▽

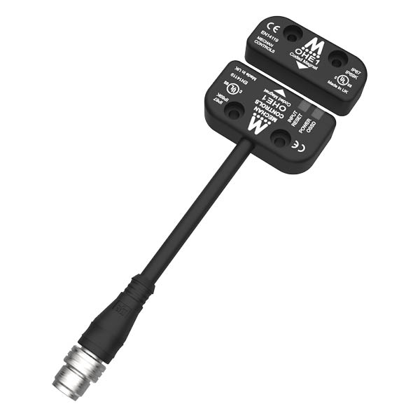 Housing:Black ABS, Resin EncapsulatedContacts:2 OSSD + 1NC (with door open)Contact Rating:2Amp – 24VDCCoding:Magnetically CodedIndication:Dual RGB (Advanced Diagnostics)Ingress Protection Rating:IP67 and (IP69K: Pre-Wired Only)OHE1 are standalone, non-contact safety switches. With 2 OSSD safety outputs and 1NC contact, capable of switching 2A at 24Vdc. The OHE1 is magnetically coded and the OSSD outputs are suitable for series connection up to 30off, maintaining PL-e.The OHE1 includes dual RGB LEDs for advanced on-switch diagnostics and the overhanging design improves visibility in awkward mounting positions. The OHE1 safety switches are available with5-PIN,8-PIN and 12-PIN M12quick disconnect which are fully sealed and suitable for use in most wet / harsh environments.The O-Type switches can be used with a feaÂture called EDM (external device monitorÂing). This means you can monitor the state of contactors or safety relays in order to detect failure of the external device eliminating the need for a safety monitoring device.Request Quote
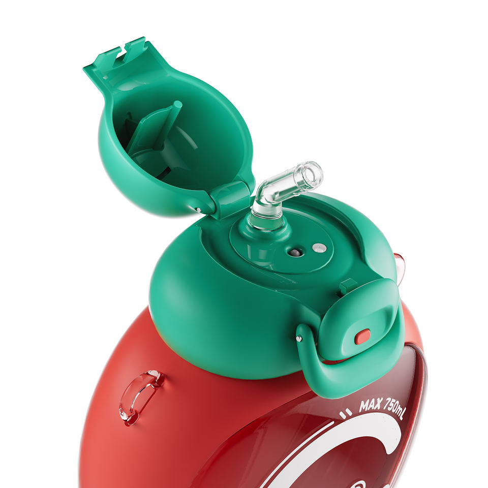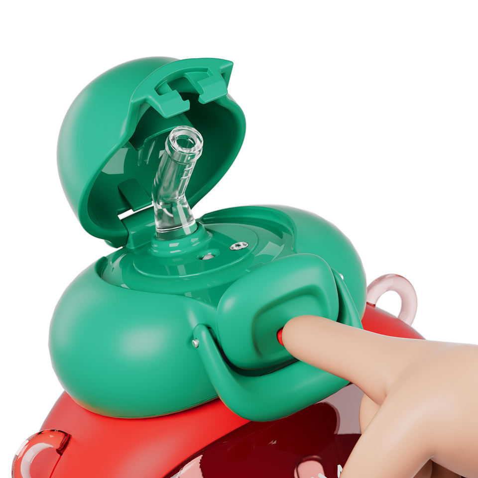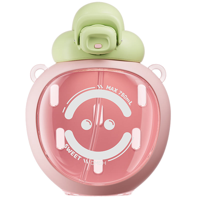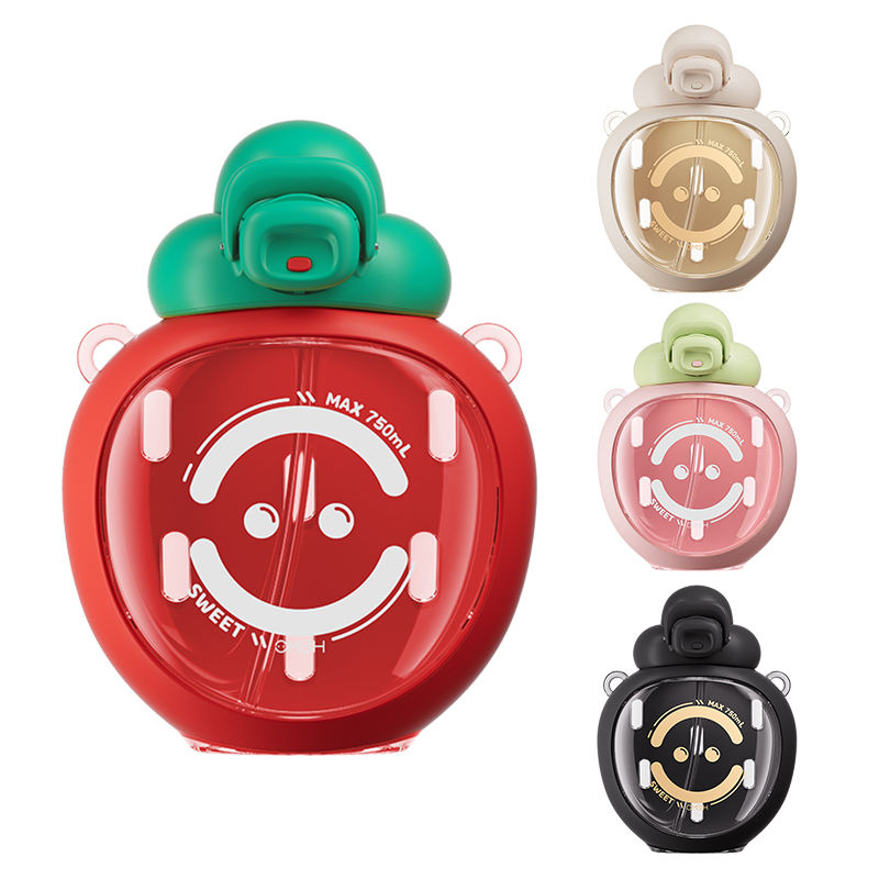 แก้วน้ำพลาสติกพกพาความจุสูงสีสตรอเบอรี่ความจุมากถ้วยน้ำสำหรับนักเรียนหญิงสำหรับดื่มกลางแจ้ง
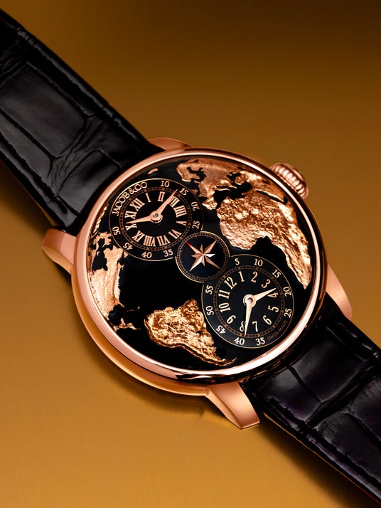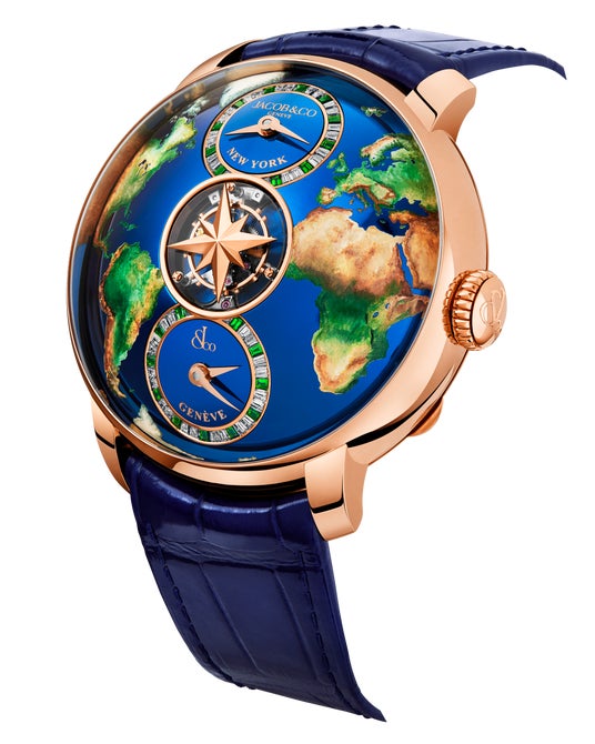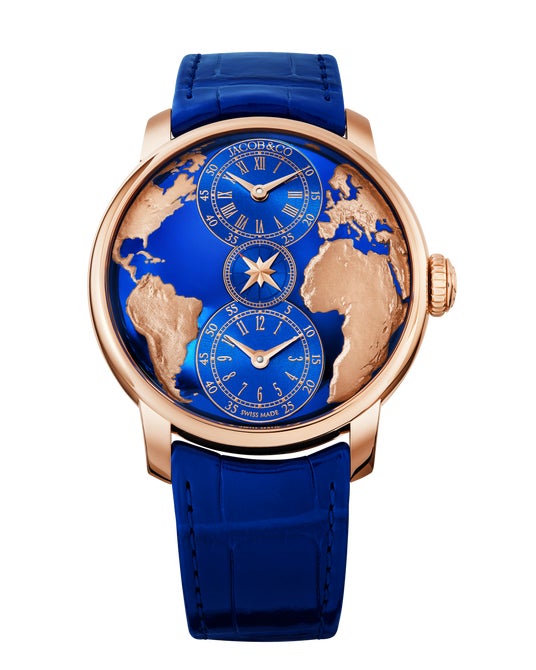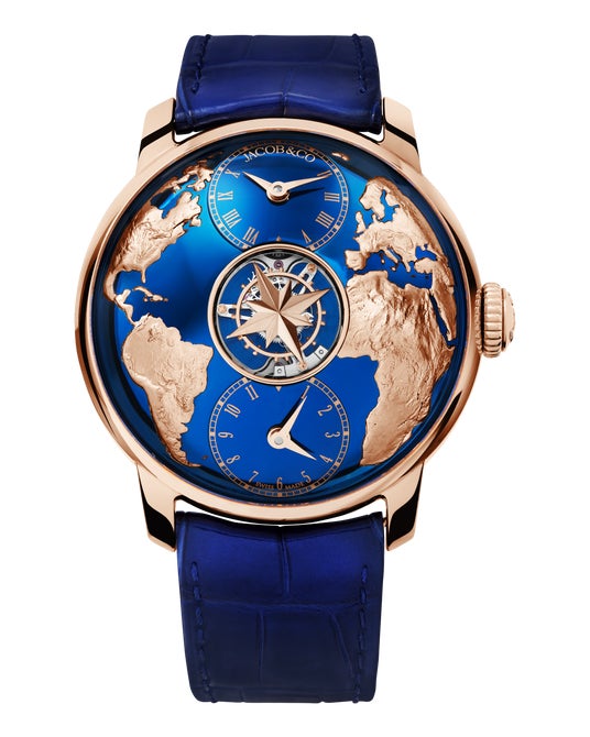世界地図を描いた立体的なダイヤルは、海と大地のコントラストが息をのむほどに美しく、ジェイコブ&コーらしい“感情を呼び起こす時計”として高く評価されています。

△

**What you should do:**
Transcribe all lines above exactly, skipping pictures.

**Final answer:**
 Housing:Black ABS, Resin EncapsulatedContacts:2 OSSD + 1NC (with door open)Contact Rating:2Amp – 24VDCCoding:Magnetically CodedIndication:Dual RGB (Advanced Diagnostics)Ingress Protection Rating:IP67 and (IP69K: Pre-Wired Only)OHE1 are standalone, non-contact safety switches. With 2 OSSD safety outputs and 1NC contact, capable of switching 2A at 24Vdc. The OHE1 is magnetically coded and the OSSD outputs are suitable for series connection up to 30off, maintaining PL-e.The OHE1 includes dual RGB LEDs for advanced on-switch diagnostics and the overhanging design improves visibility in awkward mounting positions. The OHE1 safety switches are available with5-PIN,8-PIN and 12-PIN M12quick disconnect which are fully sealed and suitable for use in most wet / harsh environments.The O-Type switches can be used with a feaÂture called EDM (external device monitorÂing). This means you can monitor the state of contactors or safety relays in order to detect failure of the external device eliminating the need for a safety monitoring device.Request Quote
 แก้วน้ำพลาสติกพกพาความจุสูงสีสตรอเบอรี่ความจุมากถ้วยน้ำสำหรับนักเรียนหญิงสำหรับดื่มกลางแจ้ง
世界地図を描いた立体的なダイヤルは、海と大地のコントラストが息をのむほどに美しく、ジェイコブ&コーらしい“感情を呼び起こす時計”として高く評価されています。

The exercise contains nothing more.